Carlson’s Raiders had had the submarines, with six-inch guns. Harch didn’t have six-inch guns, or Air Force gunships, on call. And Moogie only had seven guys out on the causeway. They’d probably blown it by now, although the noise and flashes of the air strike made it impossible to be sure. They had mines and light antitank weapons.
But if the Chinese got through them, with light armor and seven hundred marines, Echo was gonna be the filling in the biggest shit sandwich in SEAL history. He craned around for Wasiakowsky, Jamison, Harch, but didn’t see them. He lifted his voice. “Suck it up, SEALs.” Labored forward, and seized the line. Put his weight on it. Halfway up the hill he glimpsed Harch again, huddled with the radioman down in defilade.

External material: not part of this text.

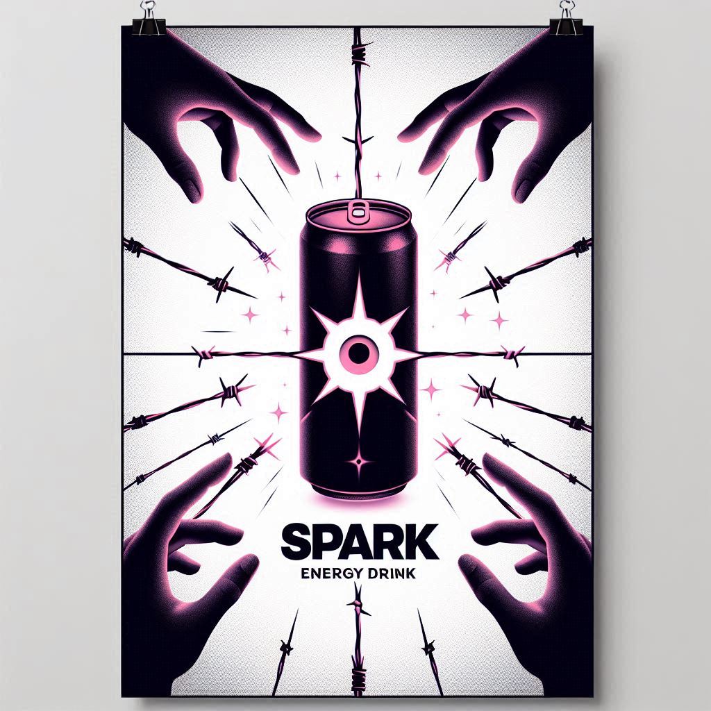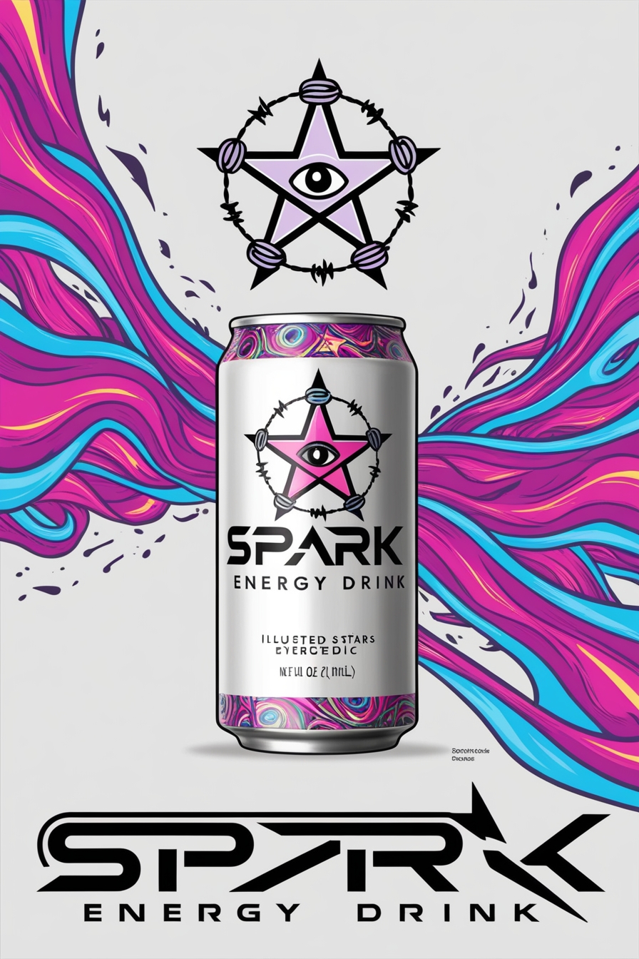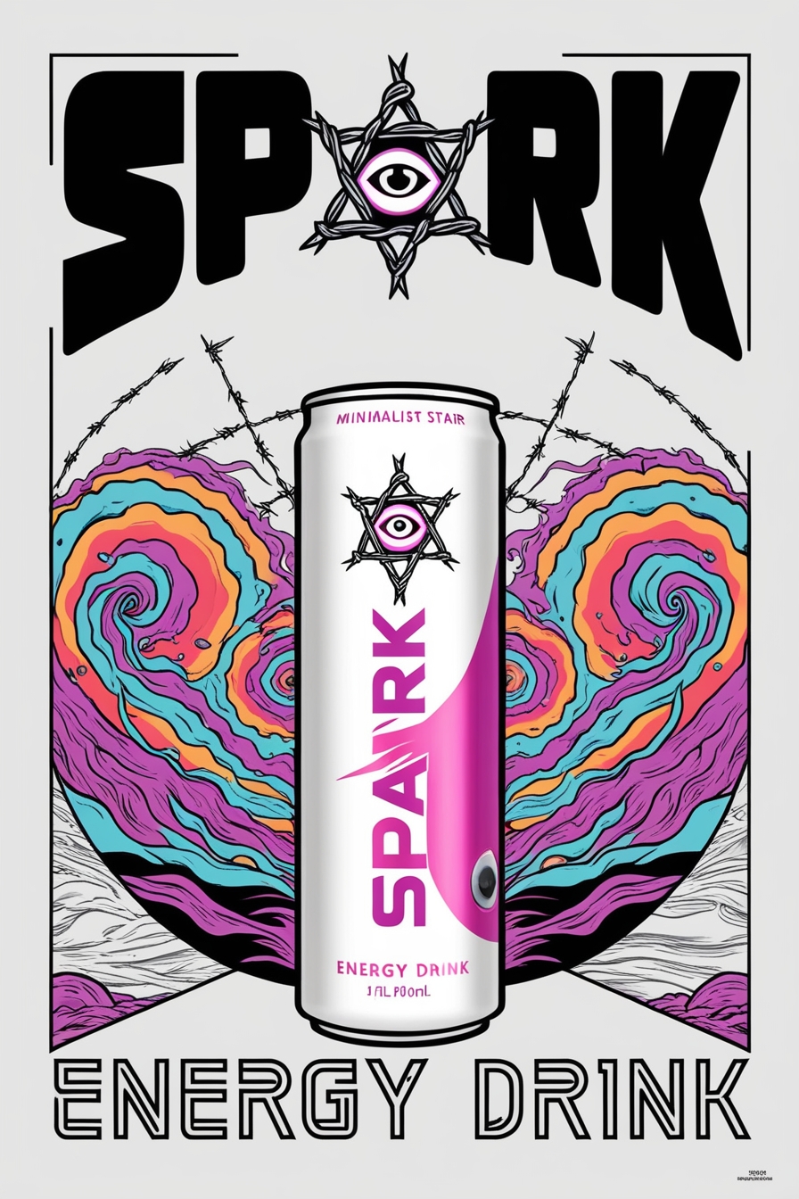 Poster design for Spark energy drink featuring the minimalist logo—a star encased in barbed wire with an eye at the center in lilac and pink hues. The design includes a sleek, illustrated can of Spark energy drink as the central focus. Around the can, vibrant, swirling psychedelic waves and an energetic field emanate, creating a sense of movement and power. The background is white or monochrome, with the text 'Spark energy drink' in bold, futuristic typography. The overall design combines minimalism with psychedelic energy, reflecting the brand’s dynamic and creative vibe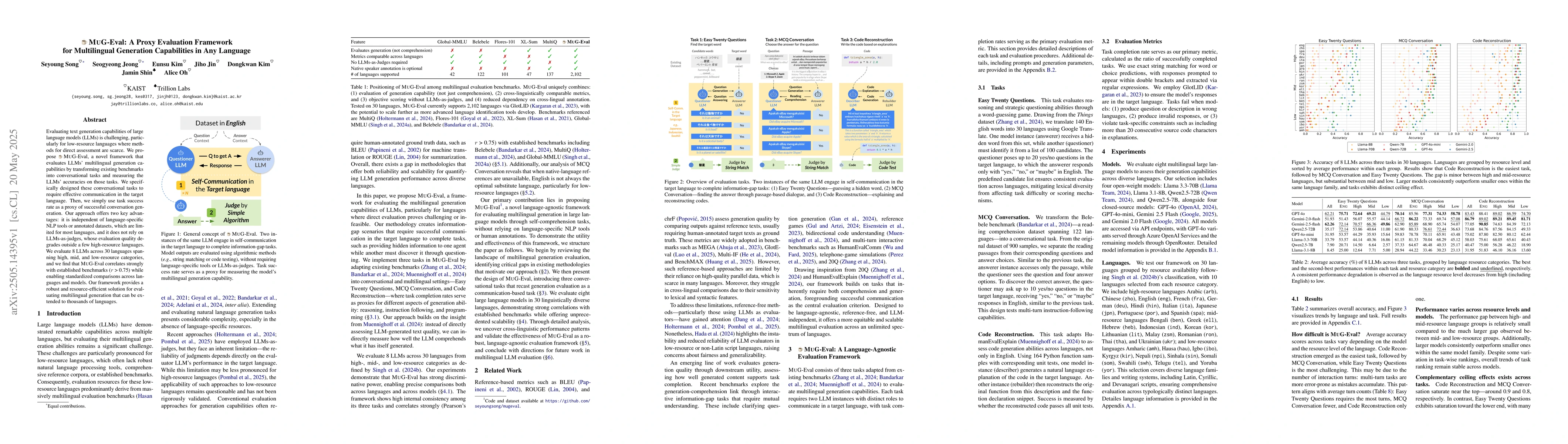 MUG-Eval transforms existing benchmarks into conversational tasks to evaluate LLMs' multilingual generation capabilities, measuring task success rate as a proxy for successful conversation generation. It's independent of language-specific NLP tools or datasets and doesn't rely on LLMs-as-judges.

As they hit the top, incoming started. Green tracers, from their right. Sounded like 5.8s. Not close, but aimed in their direction. He could still hear motors from the causeway, but Harch would have told him if Moogie had reported a breakthrough. Bent double, he put all his strength into getting the burden through a clump of scrub.
Okay, far enough. This was a vantage spot: he could see almost back to the beach. He dropped to a knee and signaled for a perimeter. Shadows settled into defensive positions. “Designate Rally Two. Down in this hollow. Bury the fucker here,” he croaked, and the others dropped the tow lines and unsheathed entrenching tools.
Package One was going in, but the instructions for the O-10 had been more exacting. The three-foot discoid, weighing 310 pounds, had to be at least a hundred yards from the EMP device. Even if it only partially exploded, the pulse would fry it any closer than that. Package Two had to be buried on the western slope of the highest dune, no less than two feet and no more than four feet deep. Level, with the indentation on the side aimed due west. It also had a photosensitive booby trap. After five hours, if light hit it, a shaped charge would destroy it, and probably also the poor bastards digging it out. Finally, of course, all signs that anything had been buried there had to be erased.
But where was its team? They’d been behind One back at the beach. He almost pressed Transmit on his bone phone, but didn’t. So far, no one knew Echo Two was here.
Shadows, slipping and cursing. Swager’s voice. “Obie? Master Chief?”
They bumped heads. Knobby muttered, “We got hung up. Had to chop down a couple of bushes to get through.”
That wasn’t good. “The bushes—”
“We buried ’em. Smoothed the sand. Jockstrap’s making sure we’re not leaving any traces.”
Teddy nodded. They both shot bearings, and came up with a hillock fifty yards away. He did the math to make sure that would be at least a hundred yards from the first burial, and came up safe. He looked up into the dark sky. There was supposed to be a drone up there, observing. But who? The CIA? The Navy? Air Force? He coughed, muffling it with a fist. “Okay, see that hill out at two six zero? Move out.”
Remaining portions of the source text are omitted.